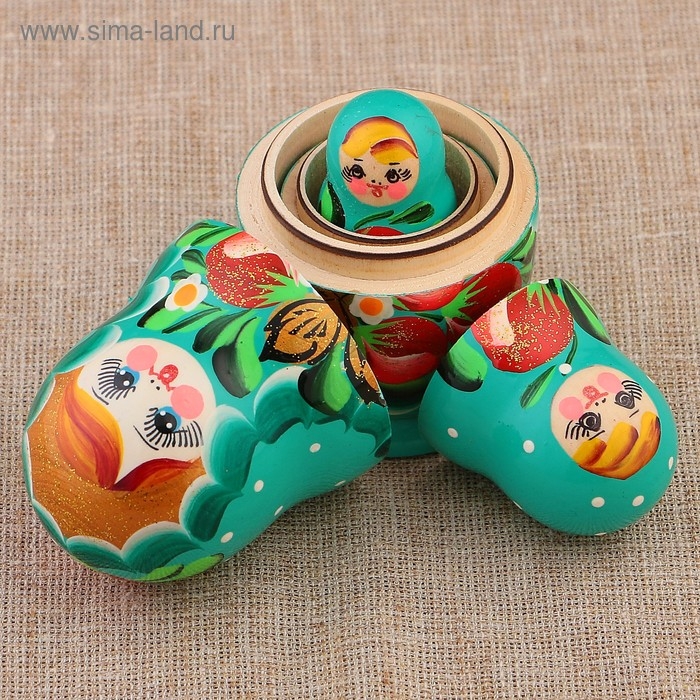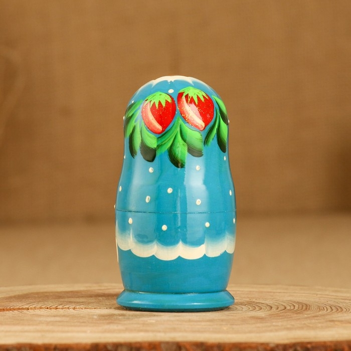 Матрёшка «Земляничка», голубое платье, 3 кукольная, 10-12 см
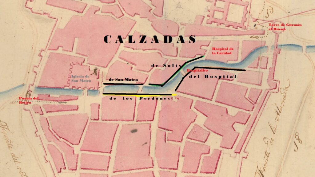 «Plano de Tarifa en 1824, con el recorrido y extensión de las cuatro calzadas. Obsérvese la ubicación de los puentes intramuros»
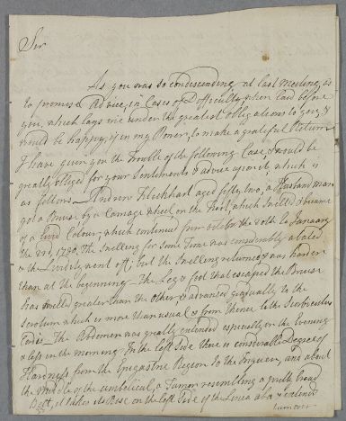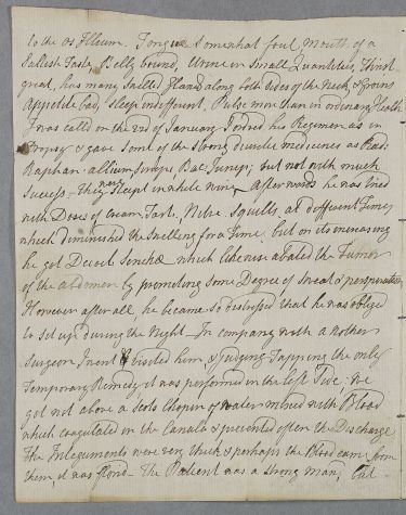 | Summary | Letter from James Whytt concerning the case of Andrew Flockhart, 'a husband man' who has developed dropsy after being injured by a carriage wheel. Cullen's advice is noted in brief summary form. |
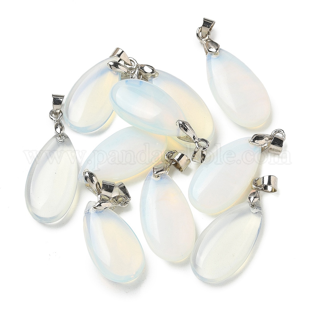 Opalite подвески, подвески-слезинки с застежками-кнопками из латуни платинового оттенка
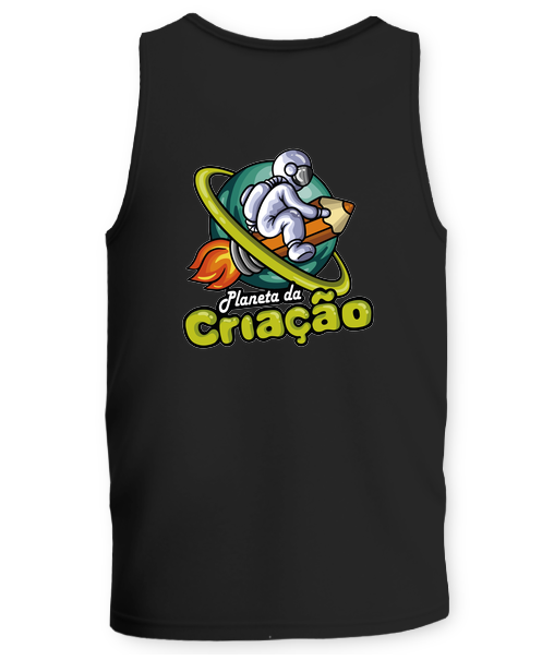Regata Streetwear, na cor Preta, com estampa do Planeta da Criação grande nas costas.
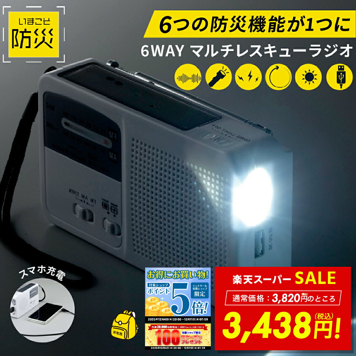 コンパクトなサイズなので持ち運びしやすい!災害時の強い味方!多機能ラジオ!【6つの防災機能が1つに!緊急時に役立つラジオ】ソーラー充電・手回し充電・携帯電話の充電・サイレン・LEDライト・AM/FMラジオの6種類の使用が出来ます。「非常時」「災害時」いつ何があるかわからないから…1つあればほっと安心の多機能ラジオです。●コンパクトなサイズで持ち運びしやすく、緊急時に簡単に使用できます。●充電が無くなっても単4乾電池3本(別売)で使用可能です。●充電方法:ソーラー充電/手回し充電/外部コンセント充電の3種類になります。※外部コンセント充電は、付属のUSBケーブルでの充電を行ってください。●ライトの明るさは、45000-55000MCD(ミリカンデラ)になります。●ワイドFM対応(ワイドFM:FM補完放送)・・・・商品詳細・・・・商品名6WAYマルチレスキューラジオ型番SV-5745 サイズ80×140×35mm重量232g材質本体/ABS、PS原産国中国保証期間お買い上げより半年間区分電化製品:家電・AV・カメラ関連商品【SS★セール35%OFF!! 12/4 20:00〜】多機能 防災ラ...【大容量10000mAh】防災ラジオ 多機能ラジオ モバイルバッテリー...セルレット 簡易便座 手提げ袋付き 送料無料 防災 災害 震災 地震 ...12,800円8,800円4,950円【SS★セール半額! 12/4 20:00〜】股関節 痛み 腰痛 サポ...ル・カエル用 交換用 エコパワーチップ 10S ルカエル エコクリーン...【SS★セール半額!! 12/4 20:00〜】せのびーる せのび〜る...3,289円3,300円3,289円ジュテーム はだいろ工房 ボディカバーファンデーション 35g スキン...セルレット 防災備蓄用マルチシート アルミパック圧縮 真空パック毛布 ...湯たんぽ 蓄熱式湯たんぽ 蓄電式湯たんぽ おしゃれ かわいい カイロ ...3,388円3,080円3,580円関連ワード: 防災ラジオ 多機能 手回し ソーラー 6WAY マルチレスキュー 懐中電灯 サイレン付 乾電池式 スマホ充電 AM FM ワイドFM LEDライト USB充電 地震 災害 手動発電 ソーラー充電 充電式 防災用品 緊急用 ラジオ 防災用 ラジオライト コンパクト 軽量 防災ラジオ 防災ラジオ 多機能 手回し ソーラー ラジオ 手回し 防災ラジオ ラジオ ラジオ ラジオ 手回し ラジオ コンパクト
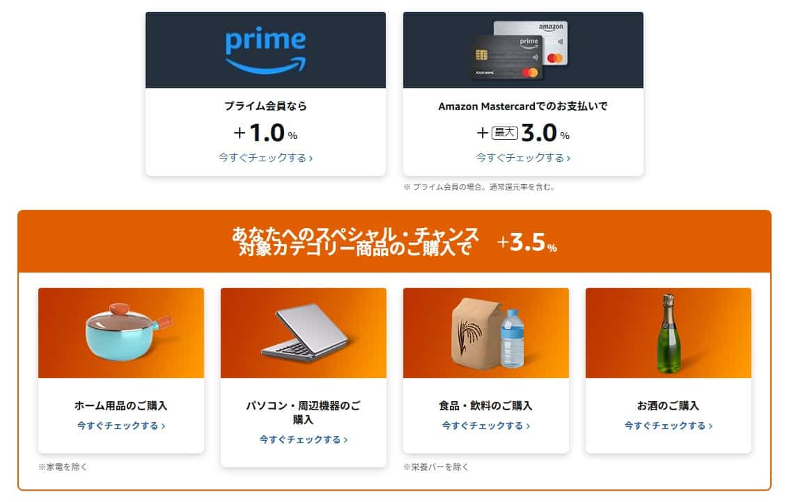 還元率の条件で一番アップ率が高いので、プライム会員というだけでお得に買い物ができます。
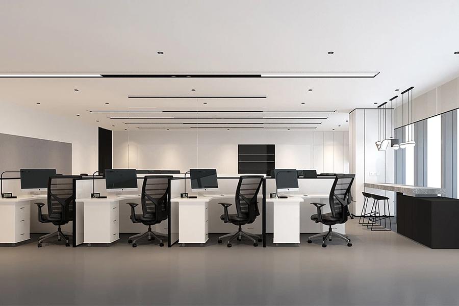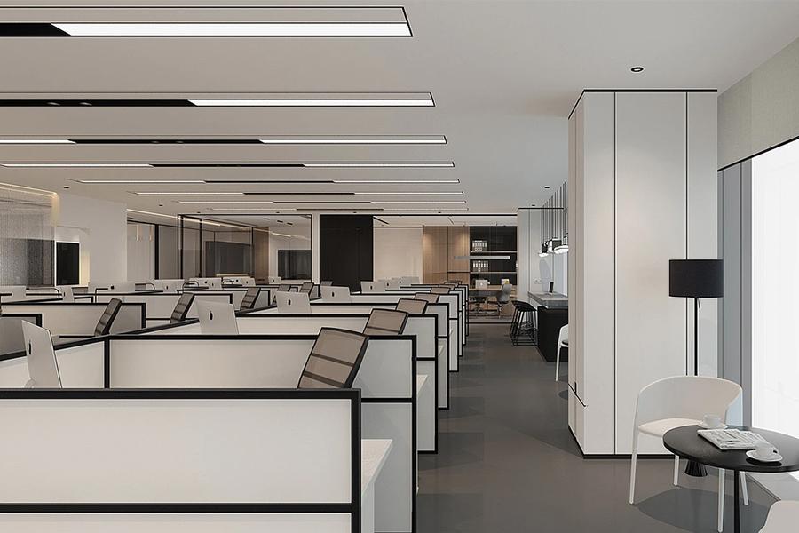 步入办公区,黑白灰的主色调构建起简洁大气的视觉基底,却又因原木元素的点缀、金属线条的勾勒而不显单调。开放办公区域内,壹西格玛定制的工位有序排布,白色柜体搭配黑色办公椅,形成利落的几何构图。线性灯带纵横交错,将光线均匀铺洒,既保障了办公区域的明亮通透,又为空间注入了现代科技感。员工在此可随时开展协作,亦能在专属工位上专注深耕,空间的弹性设计让创意与效率双向奔赴。

=-=-=

-- WORK TO BE COMPLETED --
A faithful copy of every record is required, with no pictures included.

-- SOLUTION --
 Матрёшка «Земляничка», голубое платье, 3 кукольная, 10-12 см
 «Plano de Tarifa en 1824, con el recorrido y extensión de las cuatro calzadas. Obsérvese la ubicación de los puentes intramuros»
 | Summary | Letter from James Whytt concerning the case of Andrew Flockhart, 'a husband man' who has developed dropsy after being injured by a carriage wheel. Cullen's advice is noted in brief summary form. |
 Opalite подвески, подвески-слезинки с застежками-кнопками из латуни платинового оттенка
Regata Streetwear, na cor Preta, com estampa do Planeta da Criação grande nas costas.
 コンパクトなサイズなので持ち運びしやすい!災害時の強い味方!多機能ラジオ!【6つの防災機能が1つに!緊急時に役立つラジオ】ソーラー充電・手回し充電・携帯電話の充電・サイレン・LEDライト・AM/FMラジオの6種類の使用が出来ます。「非常時」「災害時」いつ何があるかわからないから…1つあればほっと安心の多機能ラジオです。●コンパクトなサイズで持ち運びしやすく、緊急時に簡単に使用できます。●充電が無くなっても単4乾電池3本(別売)で使用可能です。●充電方法:ソーラー充電/手回し充電/外部コンセント充電の3種類になります。※外部コンセント充電は、付属のUSBケーブルでの充電を行ってください。●ライトの明るさは、45000-55000MCD(ミリカンデラ)になります。●ワイドFM対応(ワイドFM:FM補完放送)・・・・商品詳細・・・・商品名6WAYマルチレスキューラジオ型番SV-5745 サイズ80×140×35mm重量232g材質本体/ABS、PS原産国中国保証期間お買い上げより半年間区分電化製品:家電・AV・カメラ関連商品【SS★セール35%OFF!! 12/4 20:00〜】多機能 防災ラ...【大容量10000mAh】防災ラジオ 多機能ラジオ モバイルバッテリー...セルレット 簡易便座 手提げ袋付き 送料無料 防災 災害 震災 地震 ...12,800円8,800円4,950円【SS★セール半額! 12/4 20:00〜】股関節 痛み 腰痛 サポ...ル・カエル用 交換用 エコパワーチップ 10S ルカエル エコクリーン...【SS★セール半額!! 12/4 20:00〜】せのびーる せのび〜る...3,289円3,300円3,289円ジュテーム はだいろ工房 ボディカバーファンデーション 35g スキン...セルレット 防災備蓄用マルチシート アルミパック圧縮 真空パック毛布 ...湯たんぽ 蓄熱式湯たんぽ 蓄電式湯たんぽ おしゃれ かわいい カイロ ...3,388円3,080円3,580円関連ワード: 防災ラジオ 多機能 手回し ソーラー 6WAY マルチレスキュー 懐中電灯 サイレン付 乾電池式 スマホ充電 AM FM ワイドFM LEDライト USB充電 地震 災害 手動発電 ソーラー充電 充電式 防災用品 緊急用 ラジオ 防災用 ラジオライト コンパクト 軽量 防災ラジオ 防災ラジオ 多機能 手回し ソーラー ラジオ 手回し 防災ラジオ ラジオ ラジオ ラジオ 手回し ラジオ コンパクト
 還元率の条件で一番アップ率が高いので、プライム会員というだけでお得に買い物ができます。
 步入办公区,黑白灰的主色调构建起简洁大气的视觉基底,却又因原木元素的点缀、金属线条的勾勒而不显单调。开放办公区域内,壹西格玛定制的工位有序排布,白色柜体搭配黑色办公椅,形成利落的几何构图。线性灯带纵横交错,将光线均匀铺洒,既保障了办公区域的明亮通透,又为空间注入了现代科技感。员工在此可随时开展协作,亦能在专属工位上专注深耕,空间的弹性设计让创意与效率双向奔赴。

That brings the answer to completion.